A. goes to Odessa and then to Prague where he concludes a lease contract for an apartment, although he also rents a shared flat in Winterthur. A. encounters several financial issues, and while in Switzerland the guardianship authority wants to place him under long term guardianship and care assistance, arguing that his daughter cannot take care of him and assist him with his financial and mental issues. A. refuses and challenges the Swiss competence based on the fact that his habitual residence is in Prague. The Swiss Federal Tribunal concludes that competence should be retained by the Swiss authorities because the place of the actual centre of life or focus of A.’s relationship is in Switzerland4.

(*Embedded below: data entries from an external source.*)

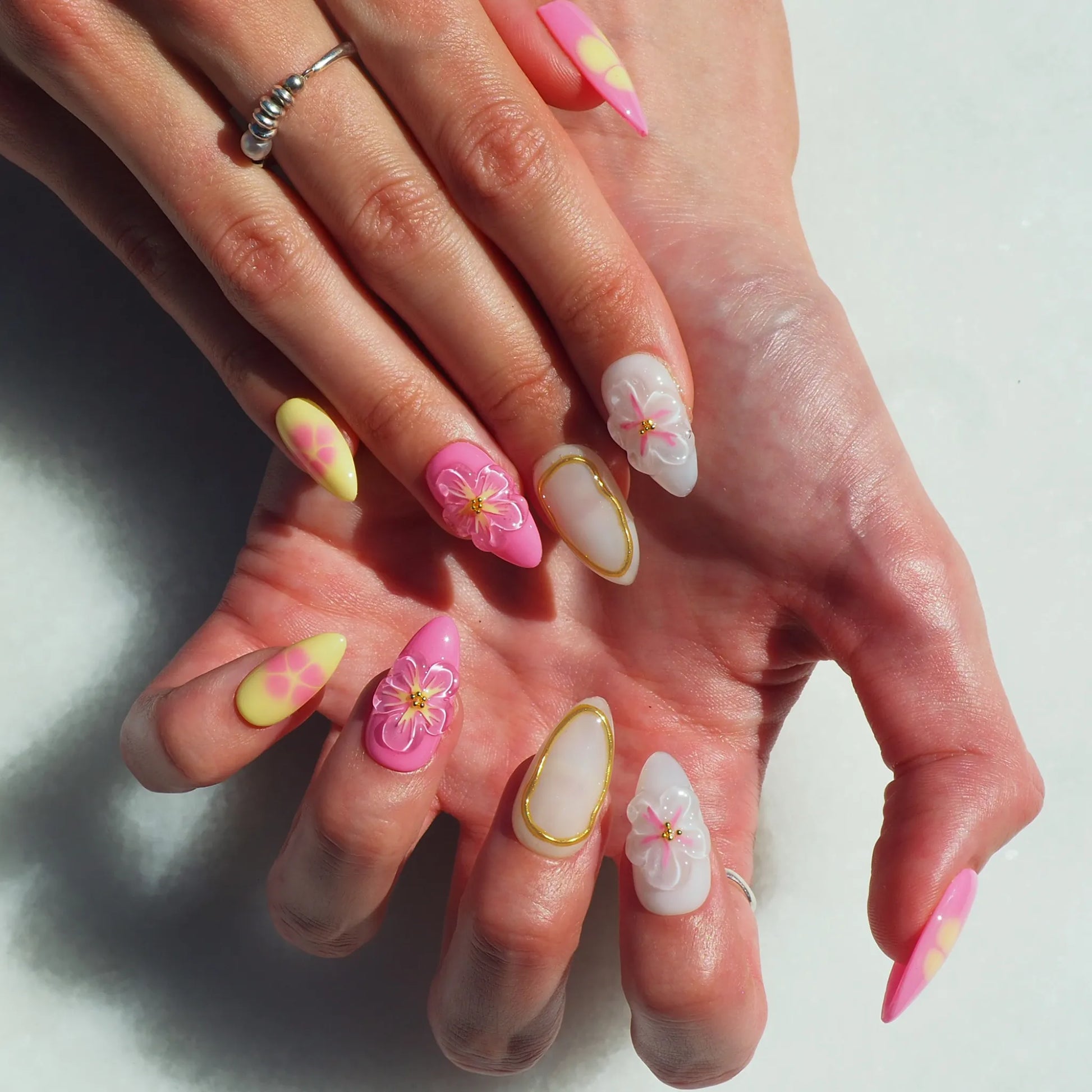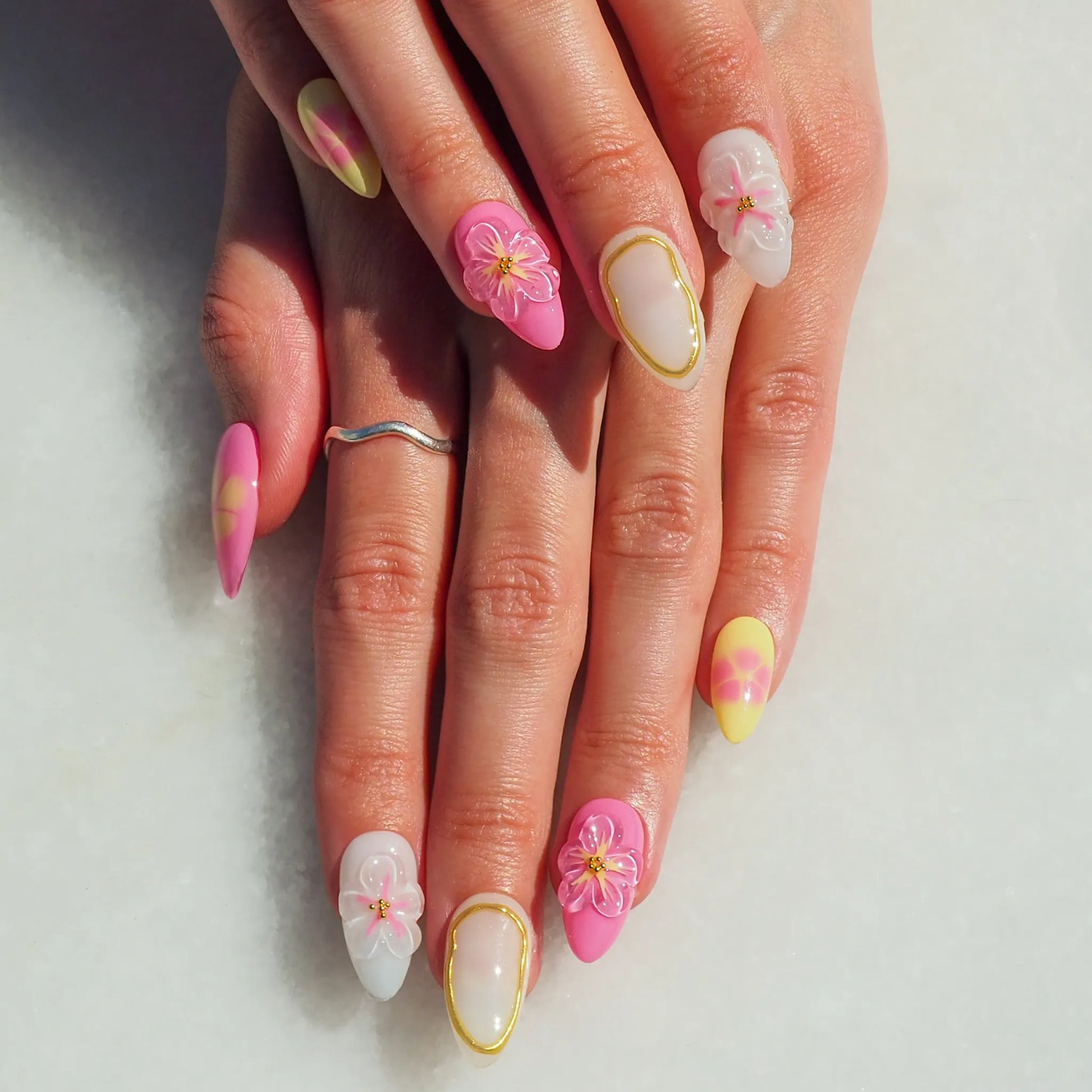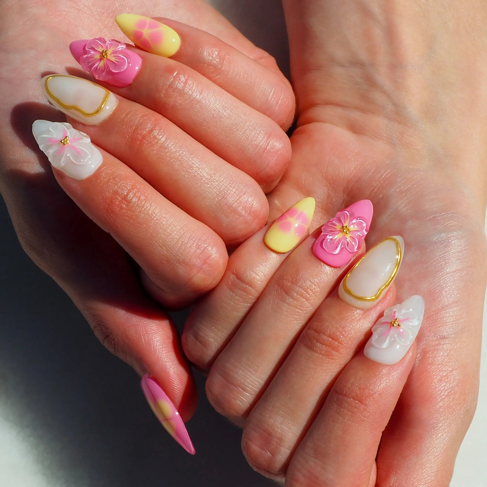 Faux ongles press-on faits main en rose, blanc et jaune, ornés de fleurs 3D et de contours dorés. Un design éclatant et raffiné qui apporte une touche ensoleillée et élégante à la manucure.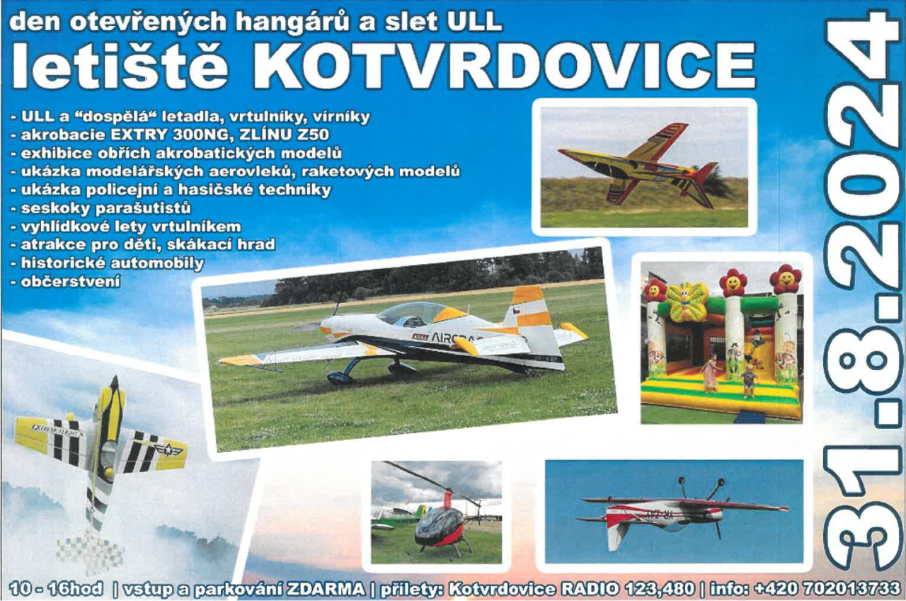 Stalo se již tradicí pořádat na letišti v Kotvrdovicích letecký den. V letošním roce pořádáme slet ULL letadel – setkání pilotů a příznivců ultralehkého létání spojený se dnem otevřených dveří na letišti v Kotvrdovicích.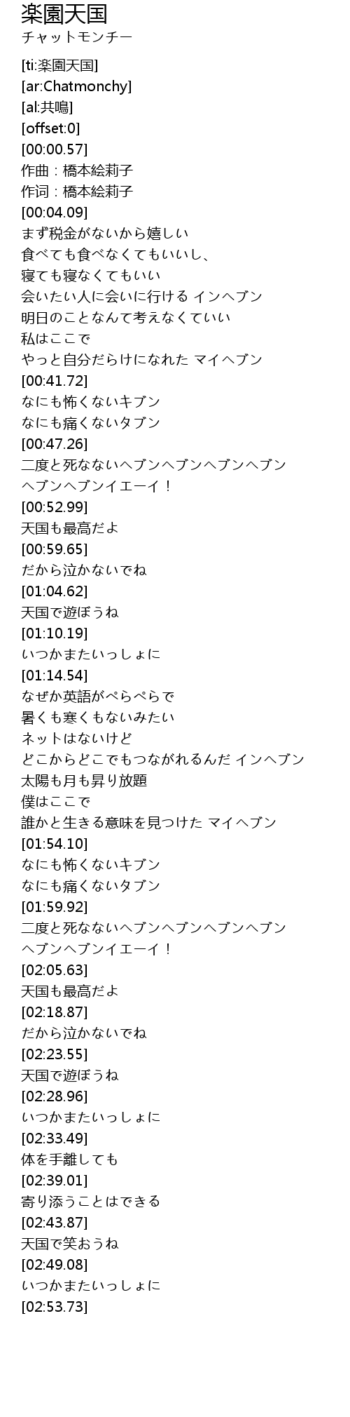 | [02:00.63] | 二度と死なないヘブンヘブンヘブンヘブン |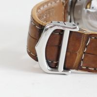 CARTIER, Pasha. Montre de forme ronde. Référence 2379. Boîtier en acier signé et numéroté 97615CD. Cadran guilloché argenté, aiguilles glaives bleuies luminescentes, guichet date à 4h. Traces de corrosions. Mouvement mécanique à remontage automatique. Diamètre : 39 mm environ. Bracelet en cuir (*) non signé avec boucle déployante en acier signée. Sans écrin ni papiers.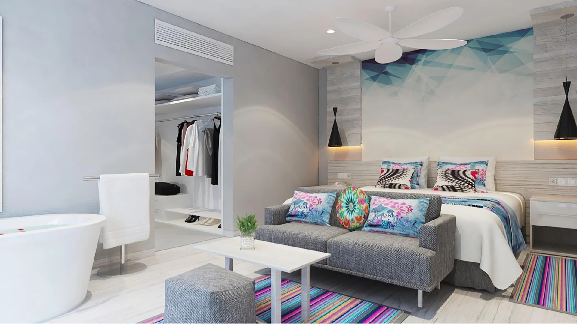 Hotel má celkovo 301 izieb: vrátane dvojlôžkových izieb s vybavením ako kúpeľňa/WC (sušič vlasov), klimatizácia, TV/sat., minibar a ďalšie. Ponúka tiež špeciálne izby s výhľadom na more a Superior izby s dodatočnými výhodami.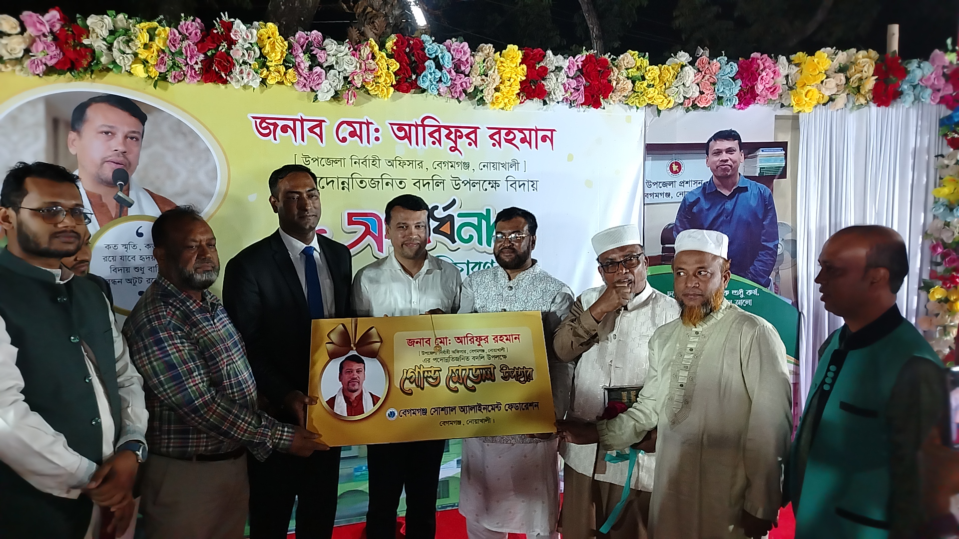 বেগমগঞ্জের উপজেলা নির্বাহী অফিসার মোঃ আরিফুর রহমানে গোল্ড মেডেল দিয়ে বিদায়ী সংবর্ধনা দিল সর্বস্তরের জনগণ। সাথে নতুন ইউএনও কায়েসুর রহমানকে ফুল দিয়ে বরণ করে নিলো বেগমগঞ্জের সর্বস্তরের জনগণ।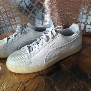 gorgeous pale grey genuine suede Sneakers from Puma. only worn once or twice. excellent condition, only minimal wear on soles, otherwise near perfect condition. size women's 7, fits true to size. unique studded toe detailing. rubber sole. doesnt come with original box.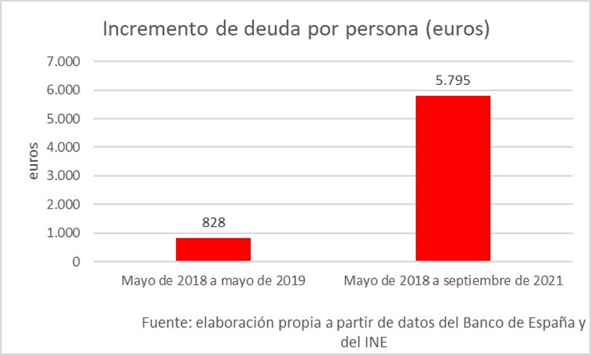 Así, si durante el primer año creció la deuda por persona en 828,03 euros, en los tres años de mandato de Sánchez la deuda por persona ha aumentado en 5.795 euros, casi siete veces el incremento del primer año.

A. Habitual residence under the 2000 Hague Convention on International Protection of Adults and the reasoning of the Swiss TF

Habitual residence is a factual concept; no definition is provided under the Convention. The primary elements indicated in the TF reasoning are: the level of integration reached in a new environment corroborated by the establishment of personal relationships, interest in political and social life, living conditions and housing, family and professional ties, language skills. In A.’s case, these elements were not reached in the Czech Republic, or elsewhere, therefore the presence of his family in Switzerland, his nationality and still regular presence in Switzerland were considerable elements for the Swiss authorities to retain competence.

B. ‘One-day habitual residence’: duration and adult’s best interests

The question of duration is considered briefly in the reasoning of the Federal Tribunal. The TF refers to the element of ‘probable duration’, a certain length of stay, as a presumption for an expected integration. The reasoning concludes that in presence of the only element of probable duration, further assessment may be required, while in presence of additional elements showing clear integration habitual residence would be determined easily. The question of adult’s best interests is not considered in the TF reasoning, although implicitly it appears from the facts that the reason of A.’s stay in Switzerland is that he cannot afford any life elsewhere and needs financial assistance in addition to medical treatment, therefore Switzerland would be the best place to support him.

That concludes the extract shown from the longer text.